The problem wasn’t electric cars, but the prices
In recent years, the average price of new cars in the United States has soared to around $50,000, and electric vehicles have been even more expensive, especially after the disappearance of the $7,500 federal tax credit. Persistent inflation and high interest rates have drastically changed consumer perceptions.
More than ever, buyers are seeking real deals and good value for money, something the new car market can no longer always provide. This is where the market for used electric vehicles comes into play, which could have its golden moment in 2026.
A wave of lease returns in 2026
Edmunds estimates that around 400,000 additional leased vehicles will return to the market in 2026. This increase is due to the fact that, after a sharp drop in leasing in 2022, contracts began to recover in 2023, generating a much larger volume of returns.

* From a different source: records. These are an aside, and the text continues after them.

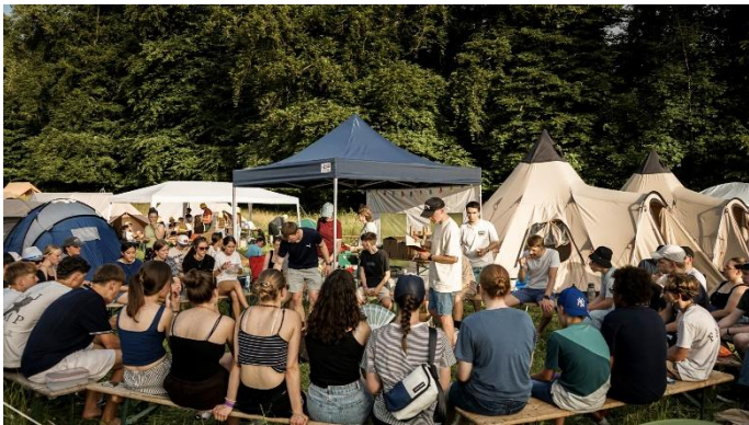
Eine grosse Gruppe von Teenies und Jugendlichen besuchte Mitte Juni das Melo-Festival auf Chrischona.

Im Monat Mai durften wir ein grosses Zeichen der Grosszügigkeit erleben: Sagenhafte 63'000 CHF sind zusammengekommen! Dank dieser überwältigenden Unterstützung konnte ein bedeutender Teil unseres Rückstands aufgeholt werden. Herzlichen Dank an alle, die mitgetragen, gebetet und gespendet haben – eure Treue und Verbundenheit berühren und ermutigen uns zutiefst!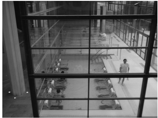
Photo 5 Aqua-gymnastics in Thermes Sextius, Aix en Provence. (セクスティウス温泉内の運動用プール)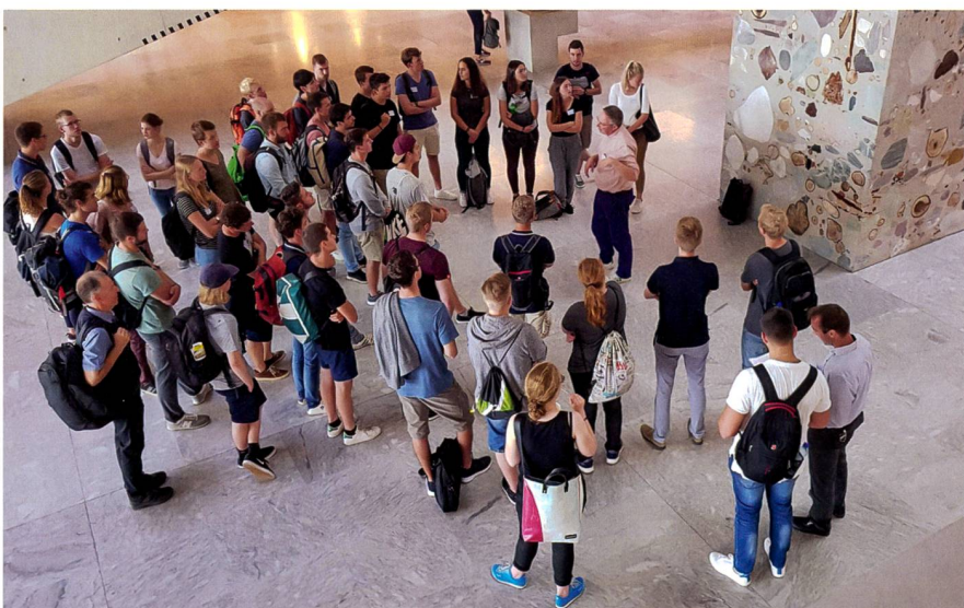
Abb. 1: Die neuen Bachelorstudierenden beim Rundgang im Campus Muttenz.

Der Lehrgang «Geomatiktechnik» ist eine modulare Ausbildung zum eidgenössischen Fachausweis in Geomatiktechnik und wird vom Bildungszentrum Geomatik Schweiz ( BIZ-Geo )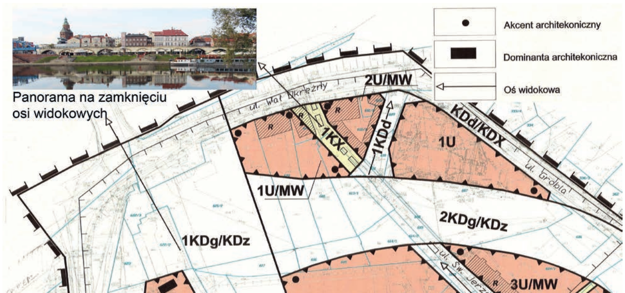
Il. 3 Fragment rysunku miejscowego planu zagospodarowania przestrzennego. Gorzów WLKP

III. 2 Part of local land development plan.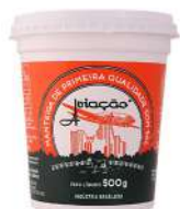
CÓDIGO: 279 MANTEIGA AVIAÇÃO POTE 500GR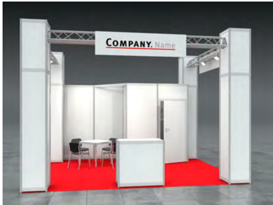
Beispiel: 20qm Kopfstand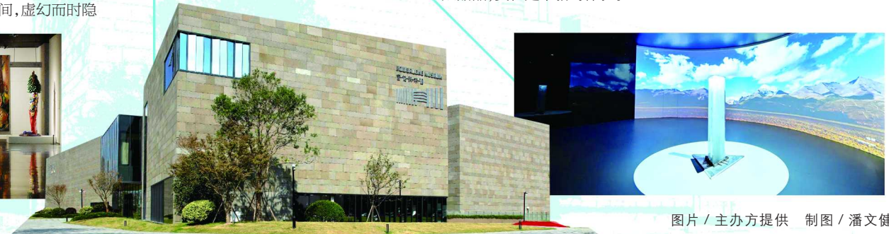
图片/主办方提供 制图/潘文健

这道甜品有很直观的南瓜模样,切开南瓜,里面包裹着香草味的冰淇淋和芒果粒,口感软糯、甜而不腻。看完展览,来一块草间弥生同款南瓜甜品,实在是个新奇体验。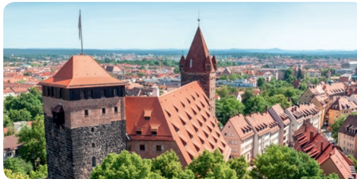
Sicht auf das Wahrzeichen von Nürnberg – die Kaiserburg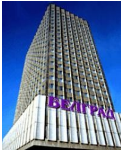
Фотографије гостинице Белград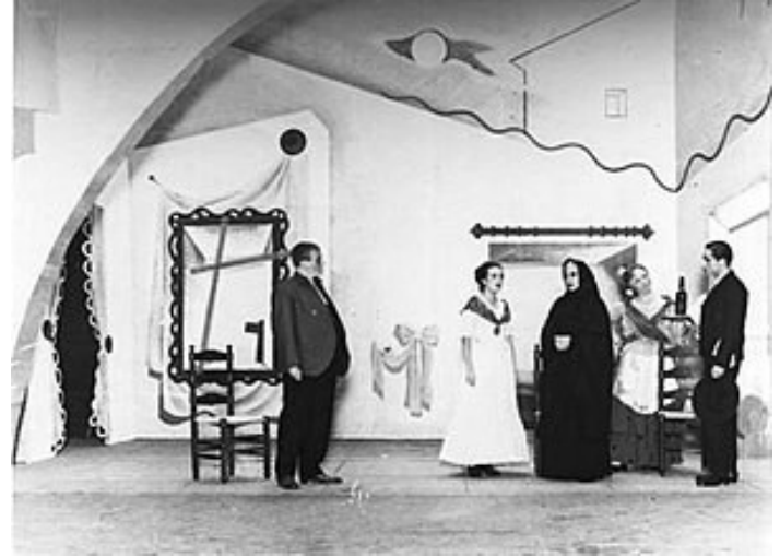
Bodas de sangre , representación teatral.

Analysts point out that this situation will help fill a significant gap seen in 2025, when affordable nearly-new cars were scarce. The result will be a more flexible and competitive market, ideal for those who cannot or do not want to take on the high monthly payments of a new car.
Why there will be so many almost-new EVs
A key fact explains it all: approximately 71% of electric vehicles sold in recent years were leased. This was due to a peculiarity in the tax incentive system: while purchasing a car and obtaining the full credit required it to be manufactured in North America, leased EVs could benefit from the incentive regardless of origin.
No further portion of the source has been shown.